Question

In the gas phase reaction ${{C}_{2}}{{H}_{4}}+{{H}_{2}}\Leftrightarrow {{C}_{2}}{{H}_{6}}$ the equilibrium constant can be expressed in units of:
A. $Lt{{r}^{-1}}mol{{e}^{-1}}$
B. $Ltr.Mol{{e}^{-1}}$
C. $Mol{{e}^{2}}Ltr{{.}^{-2}}$
D. $Molelt{{r}^{-1}}$

Answer 1

The equilibrium constant expresses the relationship between the reactants and products with the powers raised in the form of moles with different units as it changes with the reaction. It is donated by K.

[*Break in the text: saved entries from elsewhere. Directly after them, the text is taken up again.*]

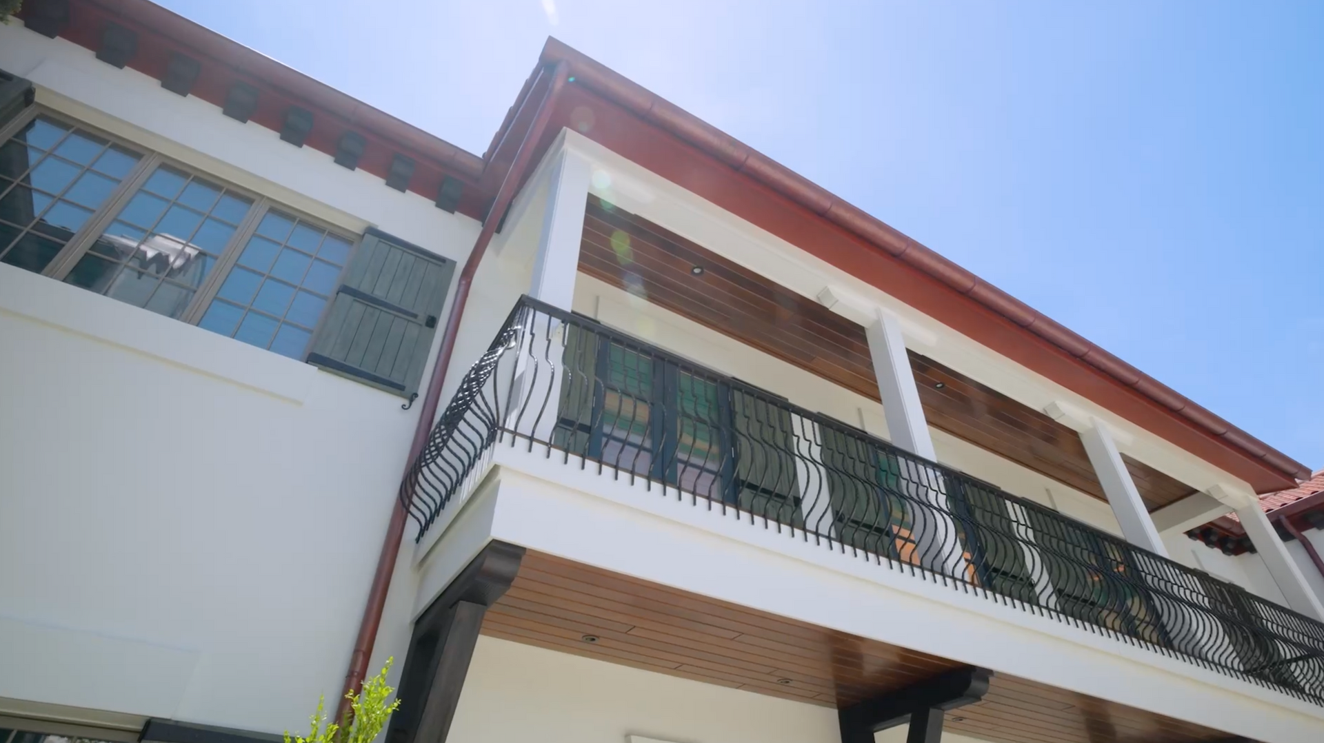 Below (scroll down) the wall niche for the sculpture; the iron banister on the stairs; the planters and their supporting brackets; and the safety rail around the balcony; all custom made by JCB craftsmen.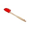 Le Creuset Silicone Small Spatula, Caribbean: Kitchen & Dining. The small spatula measures approximately 10-1/5 by 1-1/2 by 1-1/2 inches. Compact enough to stir inside a smaller saucepan, this small spatula by Le Creuset offers the perfect choice for creating sweet chocolate sauces and savory gravies on the stovetop. The kitchen tool's stain-resistant, non-abrasive Silicone blade can withstand heat up to 482 degrees F (250 degrees C), while its wood handle offers a comfortable grip and comes with a hole at the end for convenient hanging storage. To clean, simply remove the Silicone head and place it in the dishwasher or wash it by hand with warm, soapy water. The wood handle is not dishwasher-safe and should be washed by hand only. Le Creuset's range of durable, functional Silicone spatulas makes a variety of kitchen tasks easy and manageable.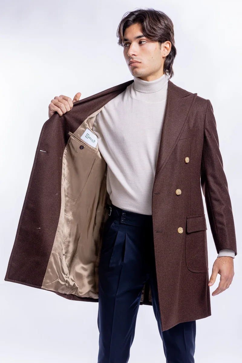 Il Cappotto uomo marrone doppiopetto in lana Vitale Barberis Canonico rever largo della linea SARTORIA CARILLO e ormai per i nostri clienti sinonimo di garanzia e qualita. Questo modello, viene scelto da una tipologia di persone che amano vestire bene e nello stesso tempo scelgono la comodita. Infatti grazie alle caratteristiche del tessuto morbido permette a chi lo indossa di scegliere la sua misura perfetta e non preoccuparsi delle limitazioni dei movimenti nonostante la sua vestibilita slim.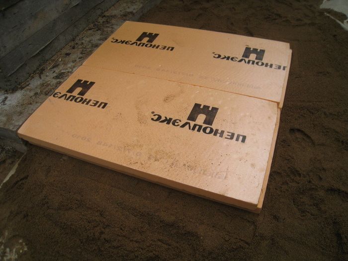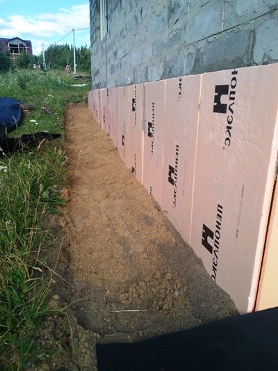 - установка пенополистирола (или пеноплекса) на поверхность фундамента (цоколя дома), он будет выполнять функцию утеплителя и компенсационного зазора между фундаментом и бетоным основанием;

Complete step by step answer:
${{C}_{2}}{{H}_{4}}+{{H}_{2}}\Leftrightarrow {{C}_{2}}{{H}_{6}}$
The equilibrium constant K of this reaction will be written as:
$K=\dfrac{\left[ {{C}_{2}}{{H}_{6}} \right]}{\left[ {{C}_{2}}{{H}_{4}} \right]\times \left[ {{H}_{2}} \right]}$
These are all gases present here, so precisely the equilibrium constant will be written in the ${{K}_{p}}$ form. Now the units of equilibrium constant are expressed as ${{\left( moles/lit \right)}^{\Delta n}}$
Where, $\Delta n$ refers to the difference in moles of products and reactants, in this reaction the $\Delta n$ will be:
$\Delta n=1-\left( 1+1 \right) = -1$
Which means that ${{\left( moles/lit \right)}^{-1}}$.
Hence the answer of this question is B. $Ltr.Mol{{e}^{-1}}$.

Note: Please note that the answer of this question is B and not D because if you look at all the options, option A and C are eliminated at first glance because the mole of the reactants and product are only one, and in Option A, it means that both the litre and moles are in denominator which is not true that’s why it is also not correct. Now, if you look at option D.$Molelt{{r}^{-1}}$, it means that power of the (moles/litre) was 1 and when litre became the numerator it became -1 which is also wrong as the power of (moles/litre) is -1, when they are in multiplied form, we can reverse the moles, therefore, it becomes the $Ltr.Mol{{e}^{-1}}$.